Es sieht so aus, als wären Sie in einige der häufigsten Fallstricke geraten, aber keine Sorge, sie können behoben werden :)

Zuerst müssen Sie Ihre Anwendung etwas anders betrachten und sie in Stücke zerlegen. Wir können die Stücke in zwei Richtungen teilen. Zuerst können wir die Steuerungslogik (die Geschäftsregeln, den Datenzugriffscode, den Benutzerrechtscode, all diese Dinge) vom UI-Code trennen. Zweitens können wir den UI-Code in Blöcke zerlegen.

Also werden wir zuerst den letzten Teil machen und die Benutzeroberfläche in Teile zerlegen. Der einfachste Weg, dies zu tun, besteht darin, ein einziges Host-Formular zu haben, auf dem Sie Ihre Benutzeroberfläche mit Benutzersteuerelementen zusammenstellen. Jedes Benutzersteuerelement ist für einen Bereich des Formulars verantwortlich. Stellen Sie sich vor, Ihre Anwendung hatte eine Liste von Benutzern, und wenn Sie auf einen Benutzer klicken, wird ein Textfeld darunter mit dessen Details gefüllt. Sie können ein Benutzersteuerelement haben, das die Anzeige der Benutzerliste verwaltet, und ein zweites, das die Anzeige der Benutzerdetails verwaltet.

Der eigentliche Trick dabei ist, wie Sie die Kommunikation zwischen den Steuerelementen verwalten. Sie möchten nicht, dass 30 Benutzersteuerelemente im Formular zufällig Verweise aufeinander enthalten und Methoden aufrufen.

Sie erstellen also für jedes Steuerelement eine Schnittstelle. Die Schnittstelle enthält die Operationen, die das Steuerelement akzeptiert, sowie alle Ereignisse, die es auslöst. Wenn Sie an diese App denken, ist es Ihnen egal, ob sich die Listenauswahl der Listenfelder ändert. Sie sind daran interessiert, dass sich ein neuer Benutzer geändert hat.
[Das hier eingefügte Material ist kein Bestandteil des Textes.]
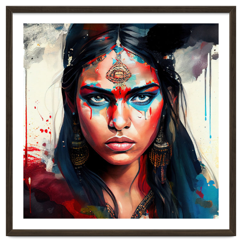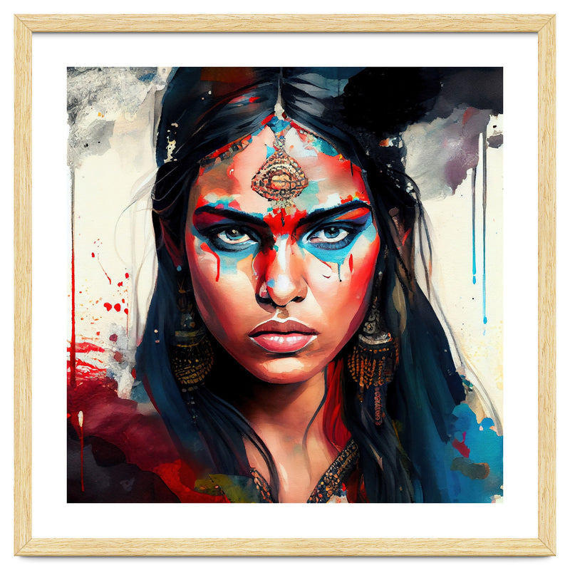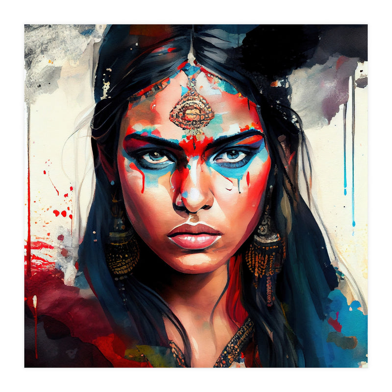 Frontal portrait with a centered bindi and ceremonial headpiece. Reds and turquoise flow across the face while a bright background keeps contours crisp and the gaze powerful for strong wall impact.

Bei Verwendung unserer Beispiel-App würde die erste Schnittstelle für das Steuerelement, das die Listbox der Benutzer hostet, ein Ereignis namens UserChanged enthalten, das ein Benutzerobjekt ausgibt.

Das ist großartig, denn wenn Sie sich jetzt von der Listbox langweilen und eine 3D-Zoomy-Magic-Eye-Steuerung wünschen, codieren Sie sie einfach auf derselben Oberfläche und schließen sie an :)

Ok, also Teil zwei, der die UI-Logik von der Domänenlogik trennt. Nun, dies ist ein abgenutzter Weg und ich würde empfehlen, dass Sie sich hier das MVP-Muster ansehen. Es ist wirklich einfach.

Jedes Steuerelement wird jetzt als Ansicht (V in MVP) bezeichnet, und wir haben bereits das meiste behandelt, was oben benötigt wird. In diesem Fall die Steuerung und eine Schnittstelle dafür.

Alles, was wir hinzufügen, ist das Modell und der Präsentator.

Das Modell enthält die Logik, die Ihren Anwendungsstatus verwaltet. Sie kennen das Zeug, es würde in die Datenbank gehen, um die Benutzer zu erhalten, in die Datenbank zu schreiben, wenn Sie einen Benutzer hinzufügen, und so weiter. Die Idee ist, dass Sie all dies völlig isoliert von allem anderen testen können.

Der Moderator ist etwas schwieriger zu erklären. Es ist eine Klasse, die zwischen dem Modell und der Ansicht liegt. Es wird von der Ansicht erstellt und die Ansicht wird über die zuvor beschriebene Schnittstelle an den Präsentator übergeben.

Der Moderator muss keine eigene Oberfläche haben, aber ich erstelle trotzdem gerne eine. Legt fest, was der Präsentator explizit tun soll.

Der Präsentator würde also Methoden wie ListOfAllUsers verfügbar machen, mit denen die Ansicht die Liste der Benutzer abruft. Alternativ können Sie eine AddUser-Methode in die Ansicht einfügen und diese vom Präsentator aufrufen. Ich bevorzuge letzteres. Auf diese Weise kann der Präsentator jederzeit einen Benutzer zur Listbox hinzufügen.

Der Presenter verfügt auch über Eigenschaften wie CanEditUser, die true zurückgeben, wenn der ausgewählte Benutzer bearbeitet werden kann. Die Ansicht fragt dies dann jedes Mal ab, wenn sie es wissen muss. Möglicherweise möchten Sie bearbeitbare in Schwarz und lesen Sie nur solche in Grau. Technisch gesehen ist dies eine Entscheidung für die Ansicht, da sie sich auf die Benutzeroberfläche konzentriert. Ob der Benutzer überhaupt bearbeitet werden kann, ist für den Präsentator. Der Moderator weiß es, weil er mit dem Modell spricht.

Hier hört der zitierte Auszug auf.